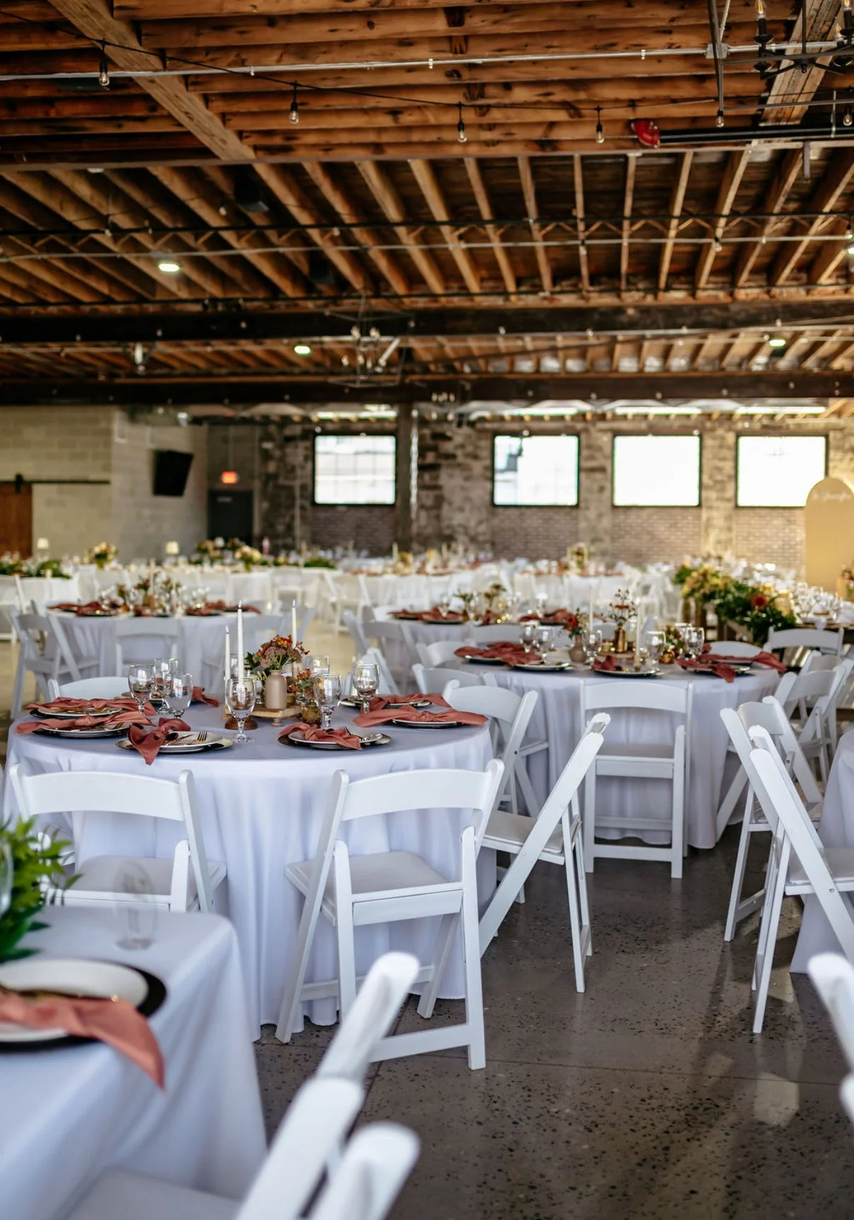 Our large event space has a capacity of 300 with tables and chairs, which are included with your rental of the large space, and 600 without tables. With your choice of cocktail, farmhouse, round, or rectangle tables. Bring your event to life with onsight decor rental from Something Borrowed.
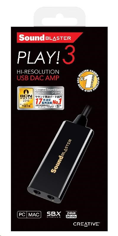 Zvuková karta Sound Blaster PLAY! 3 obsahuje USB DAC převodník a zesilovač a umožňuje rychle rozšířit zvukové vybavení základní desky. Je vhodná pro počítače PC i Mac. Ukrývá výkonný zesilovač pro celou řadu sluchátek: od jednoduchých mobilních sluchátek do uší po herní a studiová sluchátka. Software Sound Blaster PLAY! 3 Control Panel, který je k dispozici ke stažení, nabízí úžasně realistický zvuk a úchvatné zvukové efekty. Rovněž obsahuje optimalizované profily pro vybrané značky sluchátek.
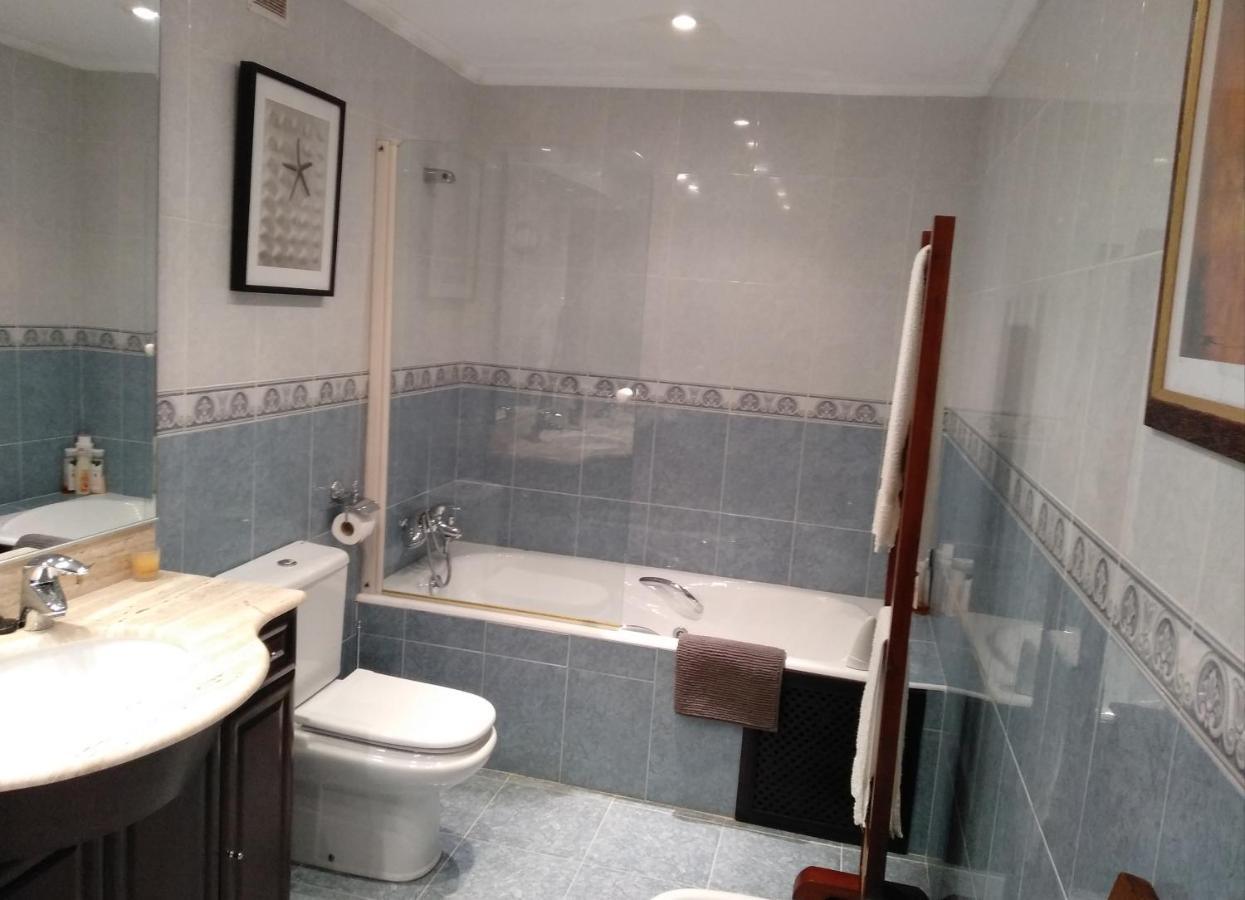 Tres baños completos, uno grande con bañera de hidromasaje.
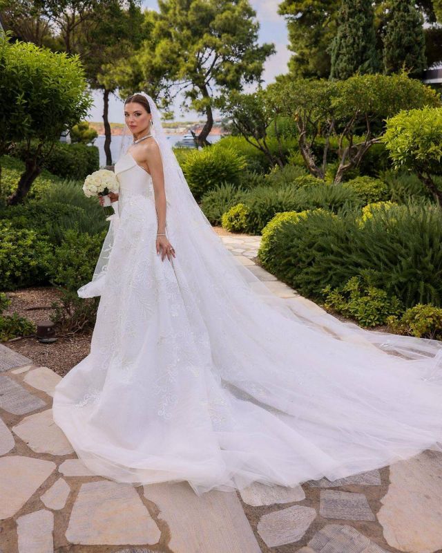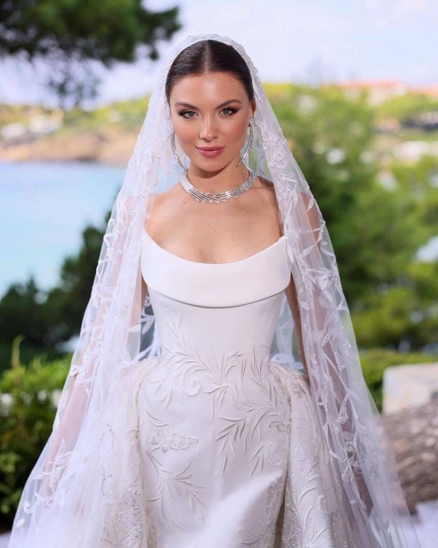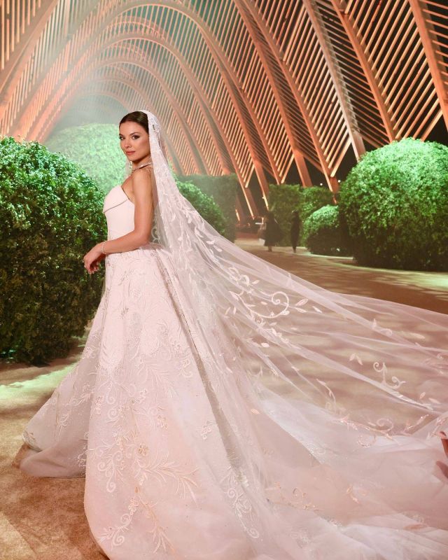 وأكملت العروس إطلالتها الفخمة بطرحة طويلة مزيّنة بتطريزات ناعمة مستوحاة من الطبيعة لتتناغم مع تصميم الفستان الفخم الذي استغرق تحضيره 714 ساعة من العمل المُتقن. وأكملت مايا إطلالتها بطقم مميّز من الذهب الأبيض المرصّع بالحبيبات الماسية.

▬▬▬

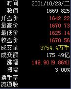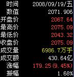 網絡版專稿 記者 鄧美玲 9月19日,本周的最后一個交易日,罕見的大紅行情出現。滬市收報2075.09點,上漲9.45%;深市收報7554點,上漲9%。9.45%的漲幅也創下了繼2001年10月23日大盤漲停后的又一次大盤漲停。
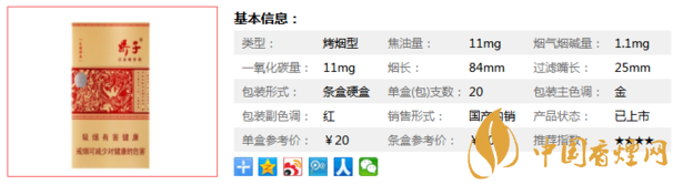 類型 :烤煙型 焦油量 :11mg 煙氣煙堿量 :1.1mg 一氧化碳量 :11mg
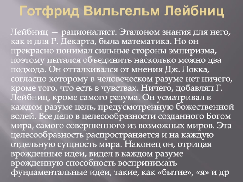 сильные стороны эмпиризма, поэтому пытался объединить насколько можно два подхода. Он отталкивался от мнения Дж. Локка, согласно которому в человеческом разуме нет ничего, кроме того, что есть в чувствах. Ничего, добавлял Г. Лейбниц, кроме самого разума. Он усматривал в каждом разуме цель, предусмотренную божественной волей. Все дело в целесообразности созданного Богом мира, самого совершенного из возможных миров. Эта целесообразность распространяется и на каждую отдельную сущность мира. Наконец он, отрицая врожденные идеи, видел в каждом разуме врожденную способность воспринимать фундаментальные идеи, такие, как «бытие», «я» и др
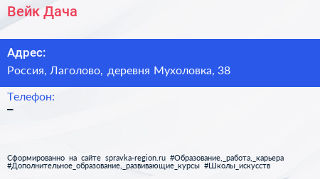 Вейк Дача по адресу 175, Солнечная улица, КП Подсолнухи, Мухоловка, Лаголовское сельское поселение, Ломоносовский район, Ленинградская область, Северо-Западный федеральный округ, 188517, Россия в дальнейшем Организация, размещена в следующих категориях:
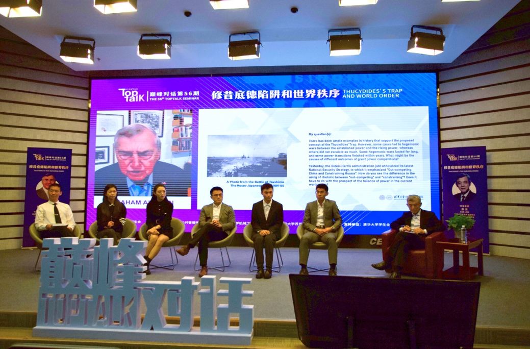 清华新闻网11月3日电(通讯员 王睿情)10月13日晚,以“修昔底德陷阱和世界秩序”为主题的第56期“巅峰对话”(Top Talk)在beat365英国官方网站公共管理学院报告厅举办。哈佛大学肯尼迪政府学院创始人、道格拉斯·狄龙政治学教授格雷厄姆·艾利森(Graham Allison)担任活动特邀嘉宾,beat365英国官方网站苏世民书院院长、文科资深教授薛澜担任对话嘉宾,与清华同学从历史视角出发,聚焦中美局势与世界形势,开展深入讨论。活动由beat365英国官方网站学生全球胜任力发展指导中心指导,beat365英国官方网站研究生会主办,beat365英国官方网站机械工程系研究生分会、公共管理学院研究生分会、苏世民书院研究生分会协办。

▬▬▬

_WORK ITEM_: Beginning with the line holding "Zvuková karta Sound" in the material above, restate word for word each line through the line holding "وأكملت العروس إطلالتها", and exclude pictures.

_ANSWER TO THE EXERCISE_:
 Zvuková karta Sound Blaster PLAY! 3 obsahuje USB DAC převodník a zesilovač a umožňuje rychle rozšířit zvukové vybavení základní desky. Je vhodná pro počítače PC i Mac. Ukrývá výkonný zesilovač pro celou řadu sluchátek: od jednoduchých mobilních sluchátek do uší po herní a studiová sluchátka. Software Sound Blaster PLAY! 3 Control Panel, který je k dispozici ke stažení, nabízí úžasně realistický zvuk a úchvatné zvukové efekty. Rovněž obsahuje optimalizované profily pro vybrané značky sluchátek.
 Tres baños completos, uno grande con bañera de hidromasaje.
 وأكملت العروس إطلالتها الفخمة بطرحة طويلة مزيّنة بتطريزات ناعمة مستوحاة من الطبيعة لتتناغم مع تصميم الفستان الفخم الذي استغرق تحضيره 714 ساعة من العمل المُتقن. وأكملت مايا إطلالتها بطقم مميّز من الذهب الأبيض المرصّع بالحبيبات الماسية.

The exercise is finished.